If this becomes the norm rather than the rule we won't see anything but Con rule for decades.

Sean in Ottawa

It is a combination of illegal, slightly illegal and simply unethical moves that can win. Would not take many illegal tricks to go over the top-- and the chance of getting caught is low. We know that the Cons are doing half of these as it is (the legal half). We know that the US -- both parties-- do this routinely and that the Republicans have raised it to an art form there. We know that this is where the Cons get their advice-- why do you think this is far-fetched?

I'll add one more to the list:

Muddy the waters by accusing the other parties of being just as dirty to insulate this from having much effect on the voters who will, if anything, get discouraged and vote less. Discredit the system knowing that those who are more likely to support you, the winners in society will be more likely to vote than those who are disadvantaged as it is.

Since it can work-- you only need a conscience not to do it.

Sean in Ottawa

Not much more cynical than playing one part of the country off against the other gambling that the seperatists won't win enough to take away the win.

Oh, sorry this is also being done already.

Anderson

madmax wrote:
Work hard, run good candidates and stop assuming that people will vote your way if you take away choice.

This riding will never elect a non-Conservative barring a complete meltdown by the CPC although there are enough votes between the Liberals and the NDP to do it.

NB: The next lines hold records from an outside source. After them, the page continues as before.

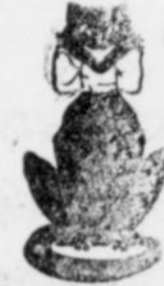
Black Cat Brand Chicago-Kenosha Hosiery Company, Kenosha, Wis.

BLACK CAT HOSIERY FOR MEN, WOMEN AND CHILDREN. AT MATLOCK'S. 586 WILLAMETTE ST.
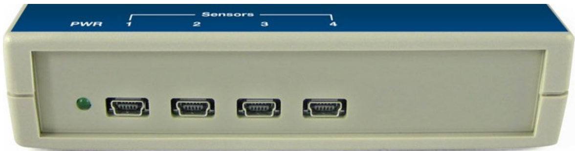
Figure 5: Front View – Sensor Input Ports

The picture below shows the front view of the DQ-4000. If you ordered with only one load cell, plug it in Sensor 1 port. If you ordered multiple load cells, plug them per the serial numbers and the markings on the cable.
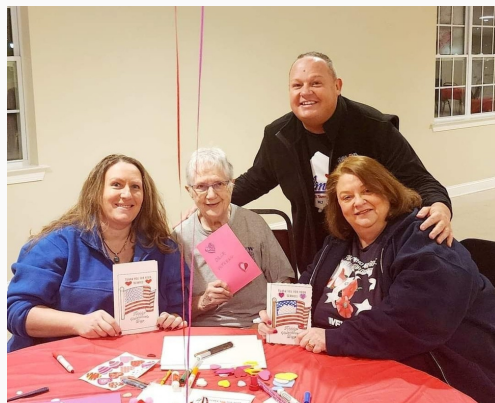
Service & Sweets
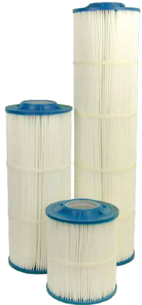
Premium Hurricane® Polyester Cartridges
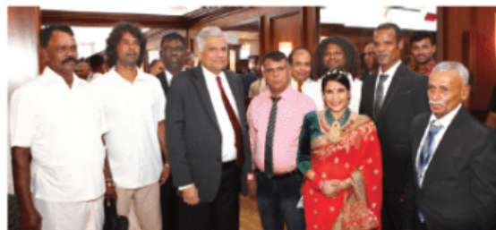
President Ranil Wickremesinghe with Paper Moon Kudils, Arugambay Roccas, Peanut Farm, Upali Beach Surf Resort and Mambo's Arugambay.
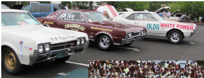
In a rare moment, 3 Olds race cars caught standing still
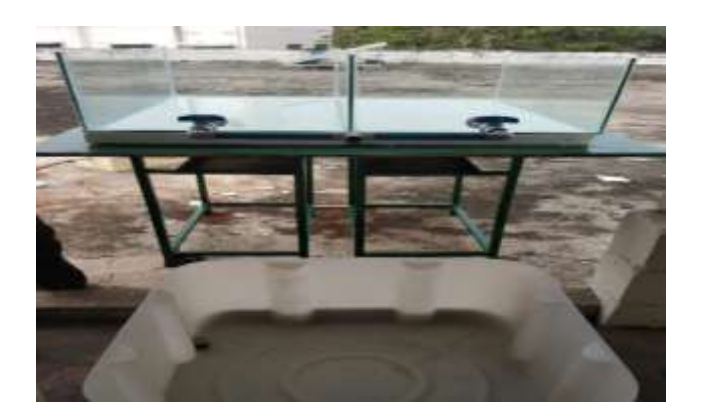
Fig - 2 Initial set up
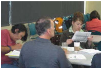
The participants were good students!

CIS staff will be following up with training participants over the next few months to offer technical assistance as they work to adopt evidence-based practices or programs. Feedback indicated that participants appreciated the
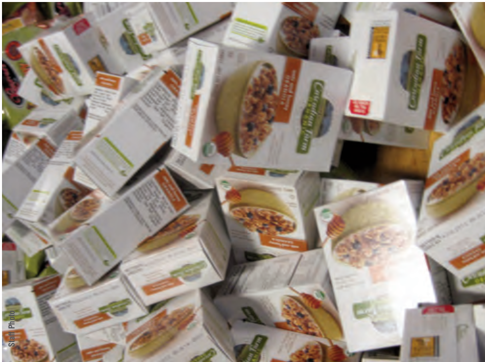
Cascadian Farms supplied snacks for the 2012 Walk for Hunger snack bags.
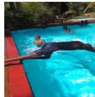
Taking a dive in the pool
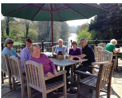
Residents enjoying some of our recent walks over the summer
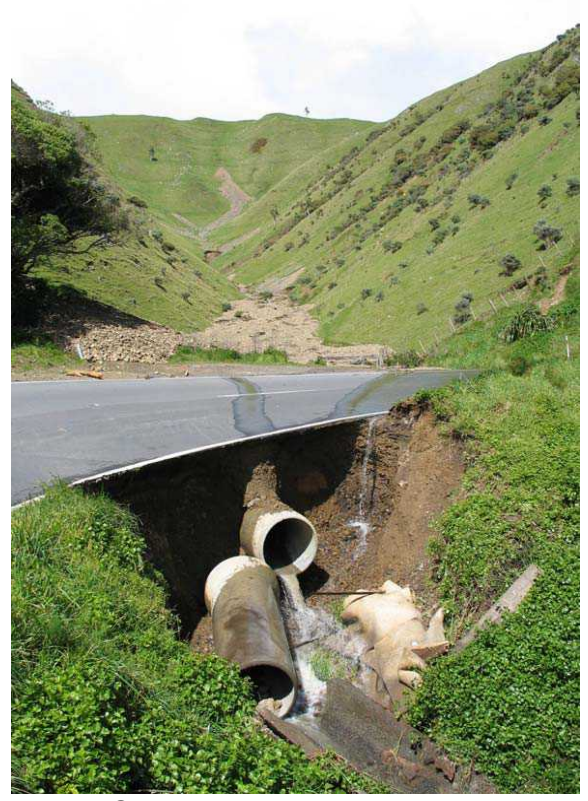
Council's Paekākāriki Hill Rd was severly impacted
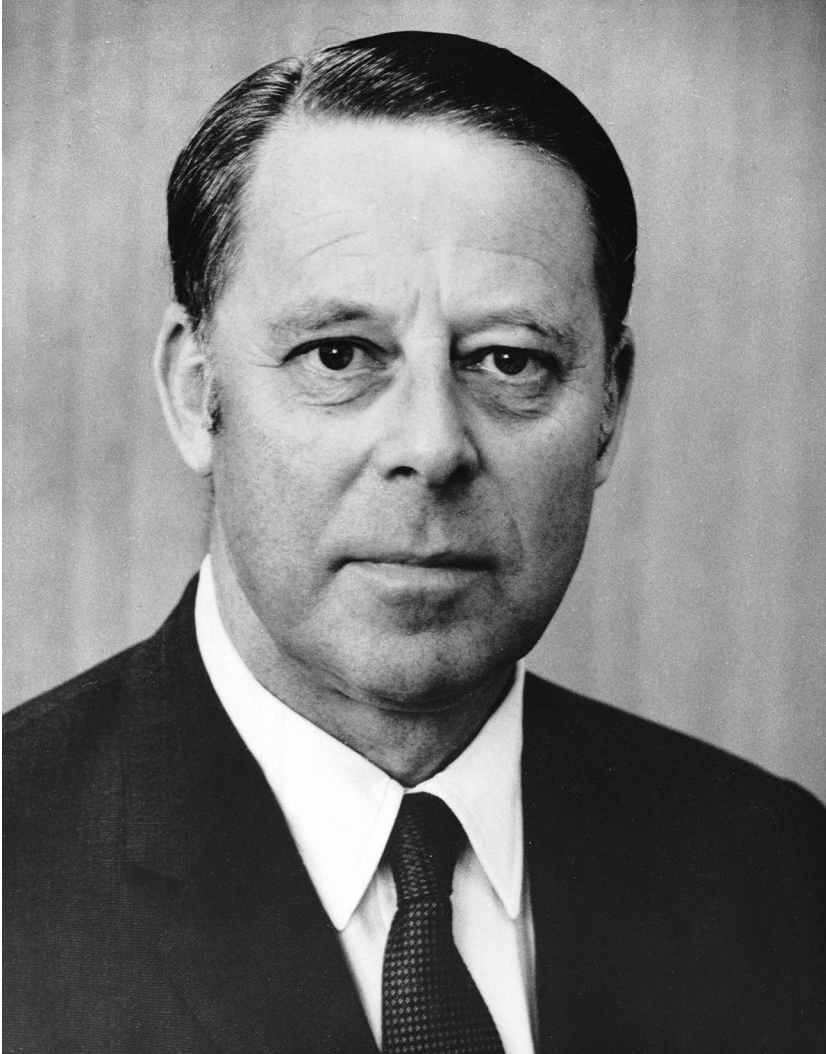
Sir Patrick Shaw, Australian Ambassador to the United States from 1974 to 1975, pictured in 1960
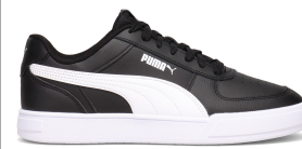
Puma # 38081004 BLACK/WHITE

PUMA CAVEN: Synthetic leather upper. Rubber Midsole and Outsole. Perforated toe box. PUMA Logo at tongue and heel.
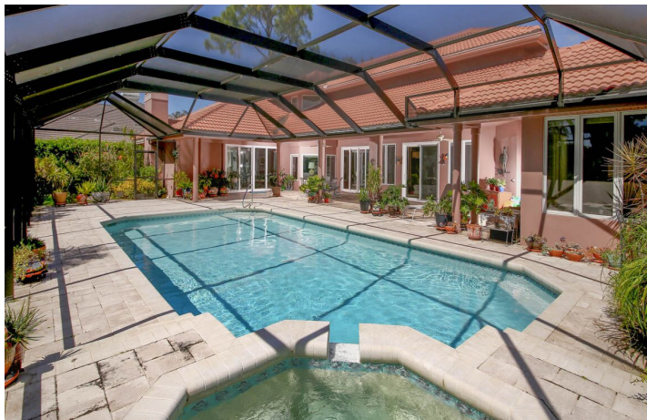
4250 BOCA POINTE DRIVE | $945,000 4 bedrooms, 4.5 baths, 4,372 square feet
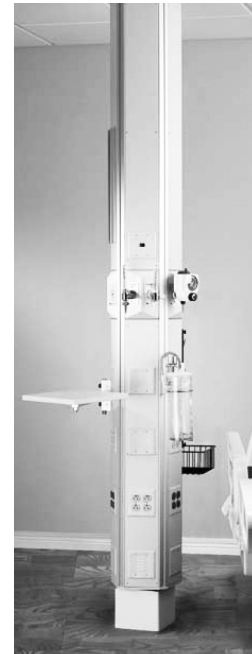
5-Sided Open Access Column Model 5706
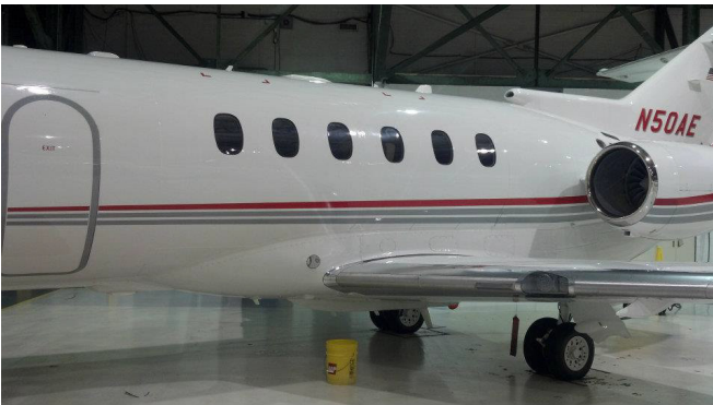
Hawker Beechcraft 900XP

The Dassault-Breguet Mystere Falcon 900 with three Garrett TFE731 SER turbofans has room for 12 passengers. With a wingspan of over 63 feet and a cruising speed of 577mph, it has a 4,233nm range.
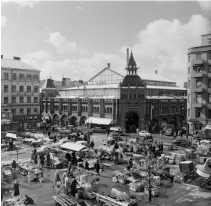
Östermalms Saluhall, early 1900

When I enter into the market hall itself I'm met by an overwhelming view of all the vendors and their range of food offerings. I will never find something similar in any supermarket in the USA. This is a different world to immerse myself in, and just enjoy the market hall ambience of color, aroma and people.
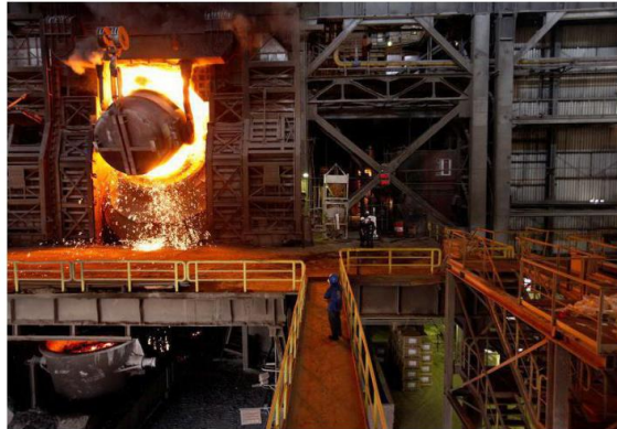
Sops crucial: There needs to be price incentive to decarbonise steel.

massive obstacle is the current pricing structure for steel, given that as yet there is no real premium for producing low-carbon metal in Asia and little sign that is on the horizon.
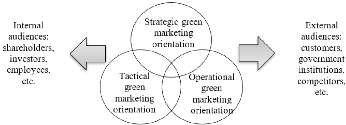
Fig. 2. Dimensions of green marketing

of green marketing (Mahamuni, Tambe, 2014; D'Souza et al. , 2015; Singh et al. , 2016; Ahmadzadeh et al. , 2017); others demonstrate multidimensional approaches to green marketing (Papadas et al. , 2017; Ranjan, Kushwaha, 2017; Parkman, Krause, 2018).
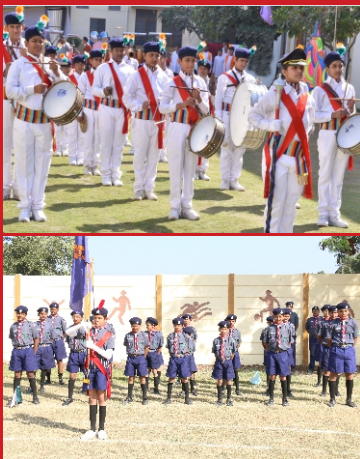
Scouting brings in discipline. Band brings in coordination.

•Theatrics •Music •Painting •Yoga •Craft Creations •Taekwondo •Art Design •Film Making •Scouts and Guides •Band •Dance-Indian and Western •Orchestra
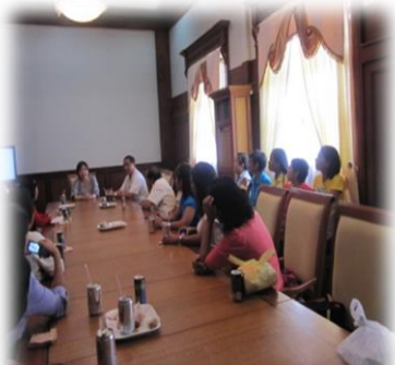
OWWA Administrator's brief consultation with the OFW groups
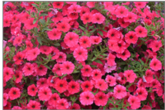
Supertunia Vista Paradise Petunia flowers
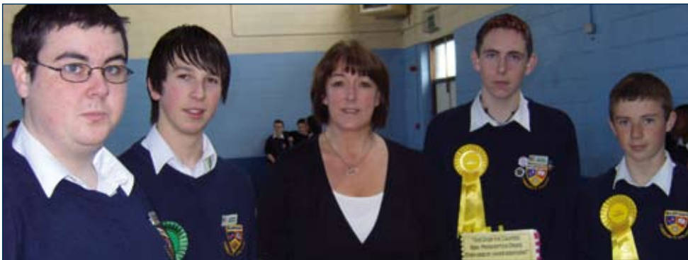
BALBRIGGAN YOUNG SCIENTISTS

Balbriggan Community College had four projects accepted for the finals of the BT Young Scientist exhibition 2007, which was held in the RDS from 9th – 13th January.
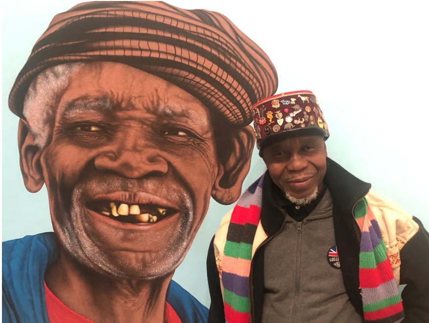
Chéri Samba, Astrup Fearnley Museet, Oslo, 2020

Born in 1956 in Kinto M'Vuila, Democratic Republic of the Congo Lives and works in Kinshasa, Democratic Republic of the Congo
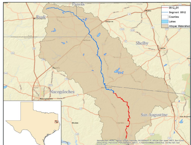
Figure 1. Attoyac Bayou is in the Upper Neches River watershed in eastern Texas.

In July 2010, the TSSWCB partnered with local stakeholders and TWRI to begin developing a WPP for Attoyac Bayou. The stakeholder group that led the WPP development consisted of representatives from agricultural and silvicultural producers, wildlife interests, soil and water conservation districts (SWCDs), the poultry industry, Commissioner's courts (i.e., county governments), cities and various other interests in the
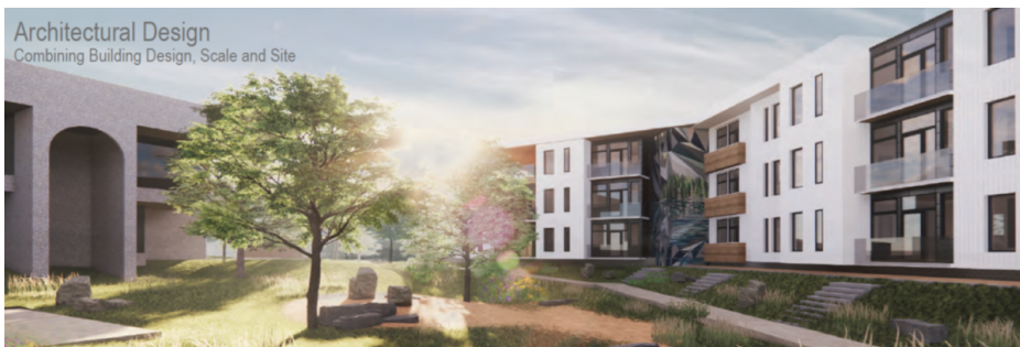
Rendering of the 3300 Penrose Place development, with the original GSA building on the left and new affordable apartment homes on the right.

Boulder Housing Partners has purchased a 4.35-acre site at 3300 Penrose Place for redevelopment into a new 115-unit affordable apartment community. The site, adjacent to Foothills Highway and 34th Street, was previously owned by the Geological Society of America (GSA). It includes an architecturally notable building which will be incorporated into the new community development. Learn more: bit.ly/BHP-GSA-115Homes
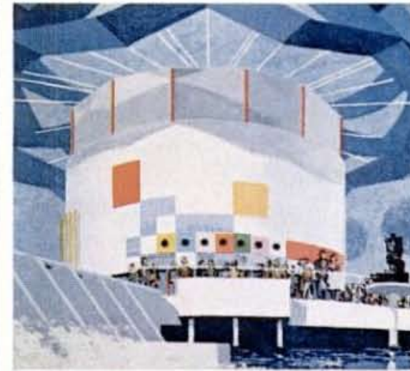
World of commerce and industry

World of Century 21 creates an environment of the future... gives you ingenious insight into the way man will live, work and play in tomorrow's Space Age. Glass walls enclose three levels of exhibits... provide relaxed, unobstructed viewing. Site of project is Coliseum Century 21, Washington State's $7,500,000 theme building—an architectural miracle.
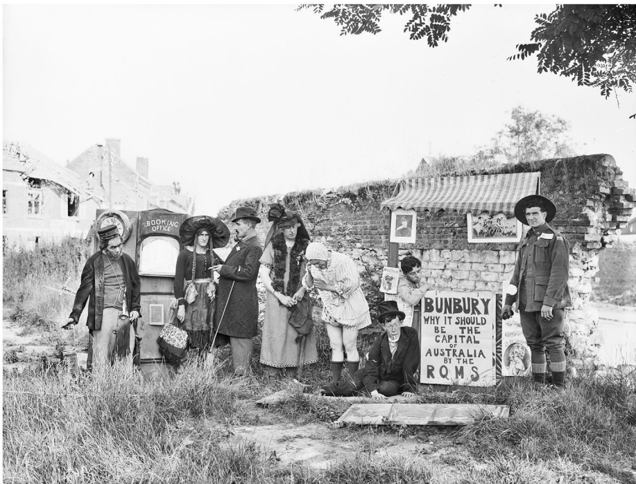
Figure 4. Kangaroo Concert Party of the Detachment after or before a performance, 2 August 1919, Villers-Bretonneux area.

In July, regular dancing sessions were organized, particularly on Saturday evenings from 6 to 10 pm. Men were charged a franc and supper was provided. For these events, a pianist and a master of ceremonies were recruited amongst the rank to be 'permanently employed and [...] struck off all other duties.' Instead of seeing the men go to Amiens for entertainment,
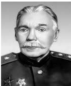
Figure 3. V.G. Fyodorov

The founder of the Russian School of Automatic Weapons was Vladimir Grigorevich Fyodorov. In 1906, he invented his first automatic weapon, which was manufactured, tested and awarded in 1912, but was not accepted for armament.
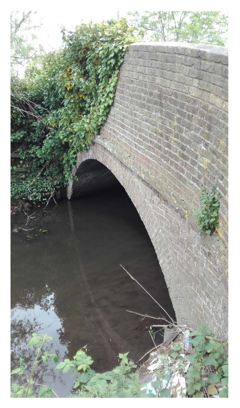
Figure 2: bridge over the Upper Duke's River in Harmondsworth

One such feature is the bridge over the Upper Duke's River in Harmondsworth, believed to be of considerable age and shown in Figure 2 below.
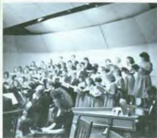
Above: The Concert Choir and orchestra warming up before their performance of Handel's "Messiah."
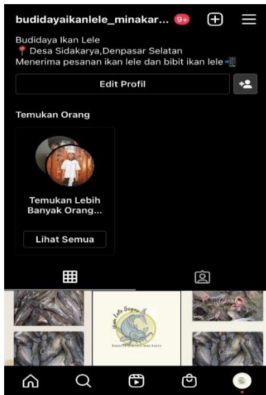
Image 6. The Example of Product Display on Instagram
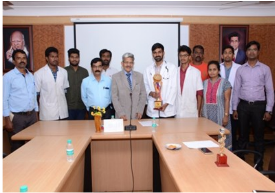
Winners of Basketball (M) at "INVICTUS-2017" KMC Manipal along with officers of the Academy .
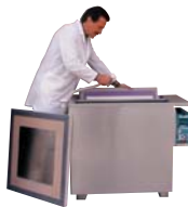
Model 1500 Stencil Cleaner
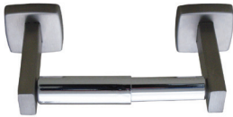
TOILET ROLL HOLDER ML255/256, ML820/825, ML267, ML835, ML837/838, ML4135/4135-2
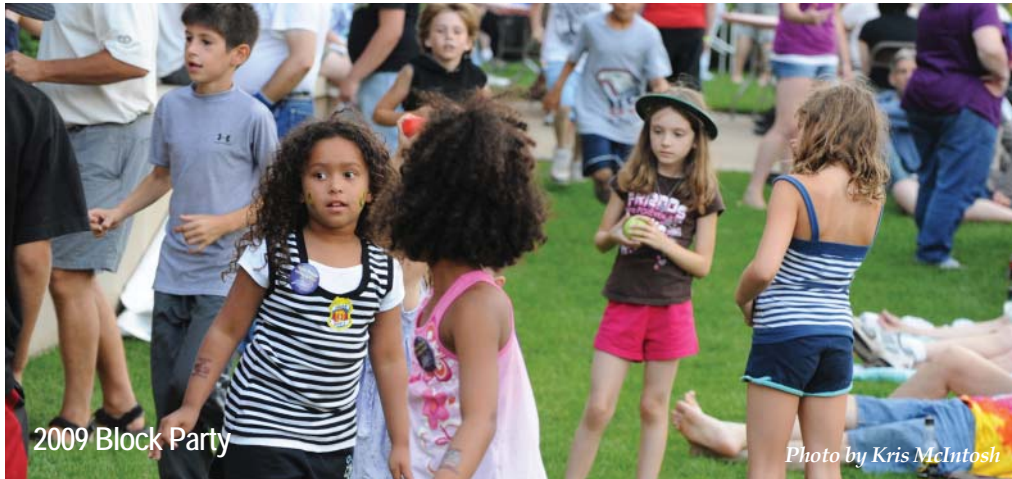
2009 Block Party
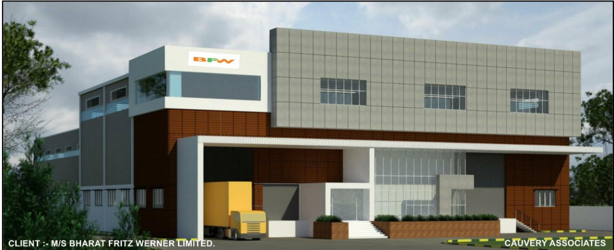
BFW LIMITED, CNC DIVISION, HOSUR.
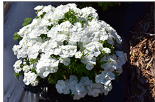
Gisele White Phlox in bloom
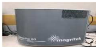
60 MHz NMR SPECTROPHOTOMETER
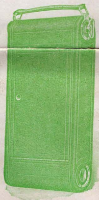
Folding Scout Closed

Ample focal capacity is provided for rendering pictures of correct proportions, while the choice of lens equipment is
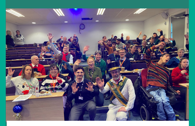
Having fun at the ALD Christmas Party

This section celebrates some of our learners' achievements.
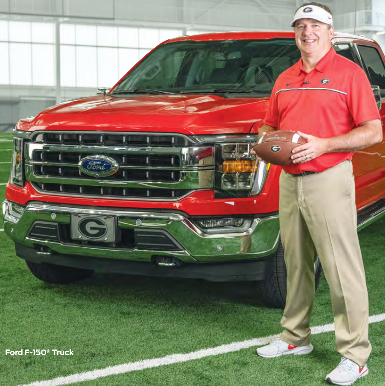
Ford F-150® Truck
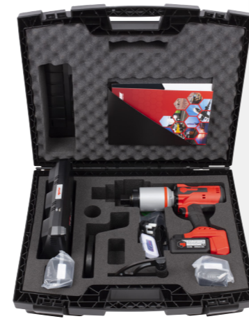
180541 EBT 2,700 N-m Kit
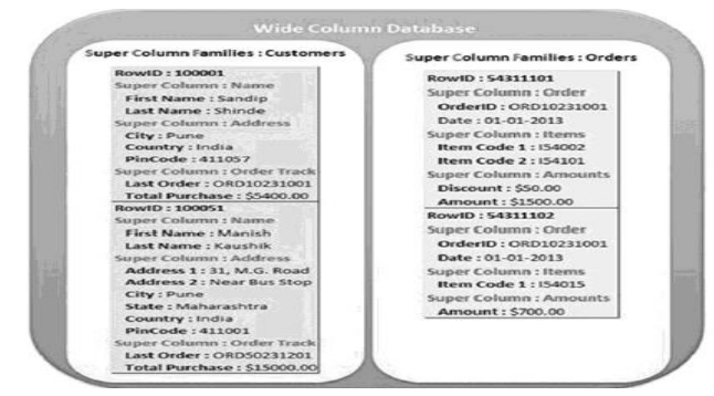
Fig. 4 Column store example

to optimize the data access is to structure the data in column families-groups of columns -as storage units. In 2008, Google released its column-based Bigtable DBMS. This remarkably influenced the development of the wide-column databases. The row key is an addressing of a database object in column-based stores within which there is another structure divides the row into multiple columns, all addressed by the same key. Timestamp versions are associated with the new entries in the table. Each storage unit is identified by a combination of column key, row key, and time stamp and is referred to as a cell. To control the access to the dataset, its column families are used for granting privileges of reading and writing to users and applications [10]. Column families are the only schemas that are defined when creating the table. The mechanism used to minimize the data retrieval time is by storing the data of the same type in one column family in one row of the dataset and reding it together [2]. Figure 4demonstrates how data is stored in the column family stores[13].
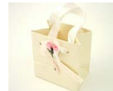
Favour Bag Roses - Pink & Ivory

Adorable handmade bags with satin ribbon handles. Decorated with your chosen design. The bags are available in Ivory or White with matching ribbon handles. Size 750x750x500mm Depth.
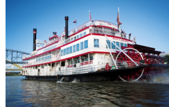
Enjoy a BB Riverboats Sightseeing Cruise
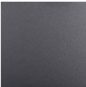
Steel Blue Platinum Y2207I
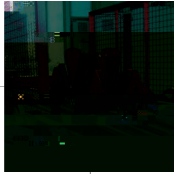
Star-shaped turning device

The two parties here share enough core values to field one candidate together that would end the vote splitting and reflect the values of the majority of people here.

What's more important - the party banner and pride - or defending health care, workers and equality.

Stockholm

The Tory won 46% in CCMV - that is close enough to 50% that i think its clear that unless there was a 1993-style Tory meltdown - that riding would go Tory even in a straight two way race.

Basement Dweller

A few comments:

Fin has starpower. Watch him rise.

Conservatives need to worry about BC because our economy is tanking. People here quickly turn on governments at times like this. They also wasted Dilworth. She had potential but is now tainted.

What happened to the East Asian vote? Its the core of the Liberal vote here. Why didn't they come out for Lee? And what was with all those Liberal signs in West Coquitam? (poll-by-poll results will show Fin cleaned up in former Conservative/Liberal polls in Coquitlam)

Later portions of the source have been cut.